For the second integral, you wrote it wrong in the beginning. Should've been 1/x^n and you just put x^n

TheLowstef

With regards to the n=1 case for negative exponents, I would love to see your take on historical methods for finding the “quadrature of the hyperbola”!

andrewdjang

In the vein of integration before calculus, pascal's method of integrating the sine and cosine is fascinating and requires only geometry

ardan

13:56 Oh so that time, the margin was large enough for that proof?

goodplacetostop

Fun to watch - to get an inkling of what Fermat thought - and entirely sensible

ericfielding

This looks like the reverse operation to the q(uantum) derivative?

bjornfeuerbacher

5:43 this actually corresponds to the LIMIT of the sum of the geometrical series that otherwise would be 1-r^n instead of 1 in the numerator. This is not really mentionned and it is not entirely rigourus if I am understanding well... I guess we would retrieve the same expression in the end but I think it is worth mentionning.

WTzReAdY

So damn cool!! I first encountered this as an undergraduate in a history of mathematics course (back in the 70's). Just as remarkable (a nod to Fermat) is his method of finding tangents to polynomials as well as Descarte's method for finding tangents - double roots. Worthy of a video? All pre-Newton. Bloody marvelous. Long live infinite geometric series.

ianfowler

Isn't there a negative sign missing in the second integral result?

siquod

A question: In the second part we are working on (1/x^n), so why on the right part of the blackboard the integral is written for x^n ? Thanks.

salcanoman

Very interesting. Nicely illustrates that the limit has to be the same regardless of the sequence of simple functions.

get

Did you also know that any infinite series that you can prove converges by the ratio test intuitively tells you something very remarkable. Such a series behaves more and more and more like an infinite geometric series the further and further you go out in the series.
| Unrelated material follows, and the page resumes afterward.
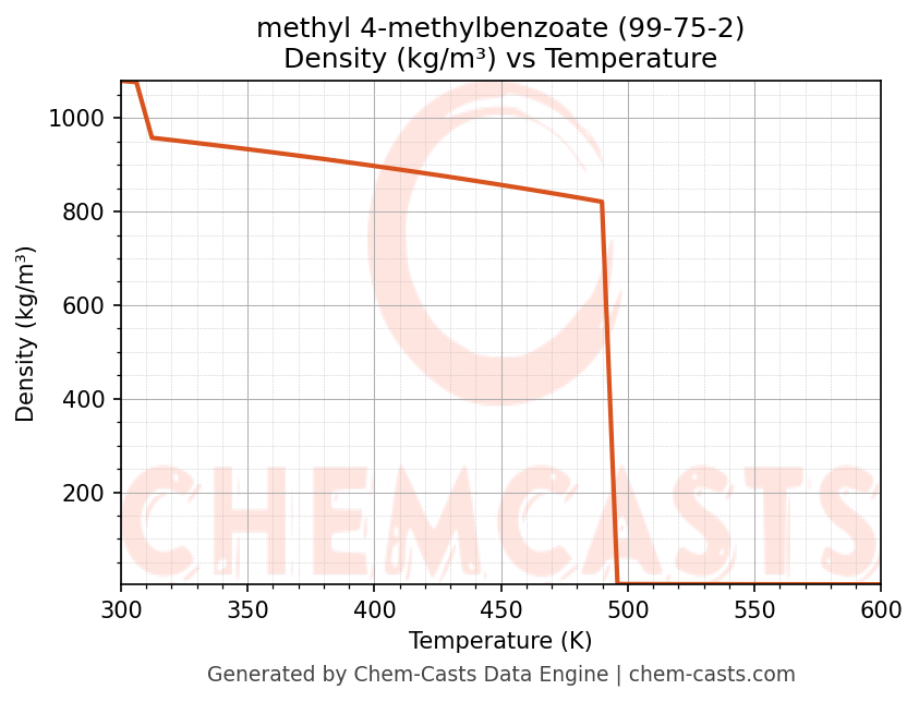 This page presents the temperature-dependent thermodynamic and transport properties of methyl 4-methylbenzoate (CAS 99-75-2) calculated at a constant pressure of 1 atm (101325 Pa) over the temperature range 250-500 K.

The ratio |a(n+1) / a(n)| as n --> inf. approaches the magic value of |r| < 1 for an infinite geometric series. Long live convergent infinite geometric series.

ianfowler

You could also just take the limit of (1-q)/(1-q^(n+1)) using L'Hopital's Rule to get 1/(n+1) without bothering with the factorisation. Not sure that's any simpler though, both quite simple.

hugh

Can a similar approach be used on functions other than x^n? In this case a sequence of partition points X_n = (a, q a, q^2 a, ... ) is used to generate the rectangles. For other functions f(x) you would have to use a different sequence of partition points. So can this method be generalized?

topquark

There is another approach of this integral which makes use of the notion that the integral of x^n from a to b equals the area under the curve. If it is area, it must satify the basic properties of area (linearity, additivity, scale invariance, translation invariance and normalization of area, ie the integral of 1 from 0 to 1 must be 1. When these conditions are met, we will find the integral from 0 to a of x^n equals 1/(n+1) a^(n+1). One can proof this without any limiting proces, just finite calculations, for all rational numbers.

Cor

Good stuff! Can you make a video about Donald Knuth’s approach, where he uses Bachmann/Landau notation to define derivatives? Thanks!

mikek

Is this the inspiration for q-analogs?

tomkerruish

This was so interesting and intuitive.

bentationfunkiloglio

Really cool that Fermat used this method, I suppose it was based on Archmedes 'method of exhaustion'? He probably also computed the lower bound of inner rectangles to ensure they got the same value.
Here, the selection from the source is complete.